After the changes: (ii) In the granulation study of modified fly ash particles, the optimum synthesis conditions were a fly ash/montmorillonite ratio of 7:3, a roasting temperature of 900 C, a roasting time of 4 h, and a particle size of 3 mm. (iii) The dissolved oxygen concentrations in the test and control groups remained basically the same. The pH of the water column also remained basically the same. Furthermore, changes in the ORP were not obvious because the dissolved oxygen con-tent did not fluctuate much. These observations indicated that the addition of modified fly ash pellets did not change the ecological environment of the eutrophic water column. (iv iii) In the laboratory simulation of application to eutrophic water bodies, water quality analysis showed a relatively stable phosphorus content. After experimental monitoring for 20 days, orthophosphate in the injection group basically reached ad-sorption equilibrium, and the orthophosphate removal rate more than 60% higher than that of the control group, with a total phosphorus removal rate of 43%. (v iv) The experimental water was generally alkaline, and HCL–P in the sediments was relatively stable. Phosphorus release from the sediment to the overlying water was mainly affected by the iron, aluminum, and phosphorus contents in the sediment. The difference between HCl–P and NaOH–P in the original sediment sample was large, while the HCl–P content in the more stable state at this time was small, accounting for about 26% of inorganic phosphorus. The HCl-P content accounted for about 40% of in-organic phosphorus after 20 days of the experiment, and about 70% of total inorganic phosphorus after 60 days. At this time, the active phosphorus content in the sediment was greatly reduced, and the ability of the substrate to release phosphorus into the overlying water body was weakened.

 

12. Future scope of this study can be added as well as social impact can also be discussed in this paper.

Response: Thank you for pointing out this detail problem. We have added and marked red in the preface. (lines 109-113)

Currently, most studies focus on the desorption and resorption efficiencies of lanthanum-based adsorbents. Only a few studies focus on the influencing factors in the adsorbent regeneration process, and future research can focus more on this aspect, which is beneficial to reduce energy and water consumption and improve adsorption efficiency.

13. References are not unified and systematic.
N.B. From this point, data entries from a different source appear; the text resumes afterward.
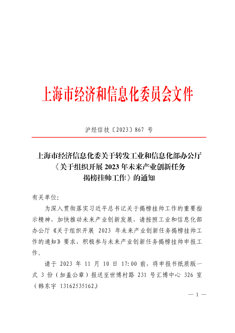 ??請于2023年11月10日17:00前,將申報書紙質版一式3份(加蓋公章)報送至世博村路231號匯博中心326室(韓東宇13162535162)。
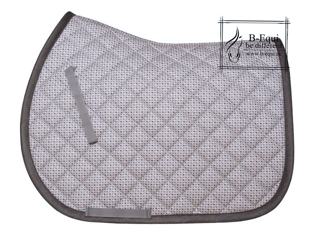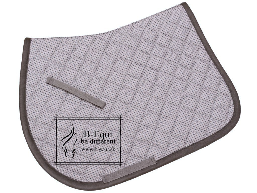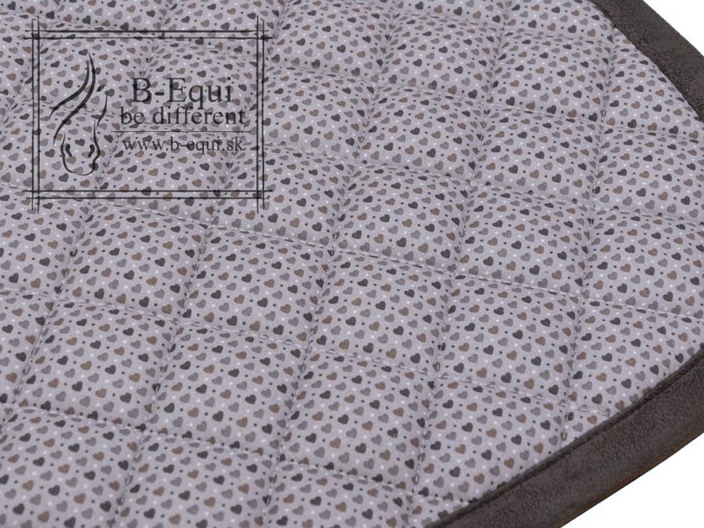 Podsedlovka vhodná pod všestranné a skokové sedlo. Vrchná strana je zo 100% bavlny so vzorom srdiečok. Spodnú stranu tvorí látka zo 100% bavlny vaflového vzoru, svetlej farby. Lem podsedlovky je tm. šedý bez zdobenia. Jadro tvorí zmes vatelinu a špeciálnej výstuže. Podsedlovka je vďaka tomu príjemne mäkká, pod sedlom sa neposúva a zároveň dobre drží tvar.
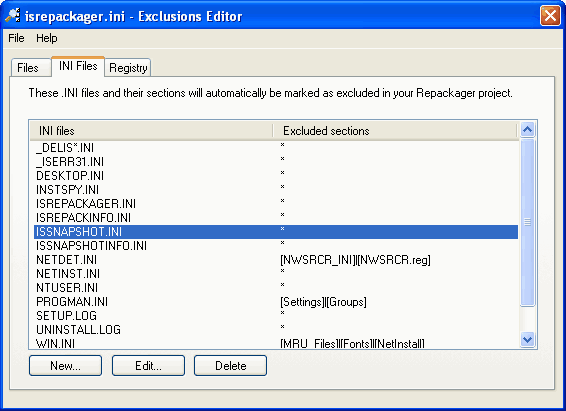 NewDisplays the INI File Exclusion Information dialog box from which you can specify additional .ini file exclusions.

Response: We are so sorry that references are not unified and systematic and we have made the corresponding changes.

 

 

      

Author Response File: Author Response.docx

Round 2

Reviewer 1 Report

The authors responded to all my comments and I can see they really care about the improvement of the text.

Author Response

Thank you for your appreciation of our work. The comments are very important for improving our manuscript.

Reviewer 2 Report

-

Author Response

Thank you very much for your comments on the manuscript. According to your suggestion and question, we have checked and revised the relevant part of the original manuscript carefully again. The revision section have been marked in red.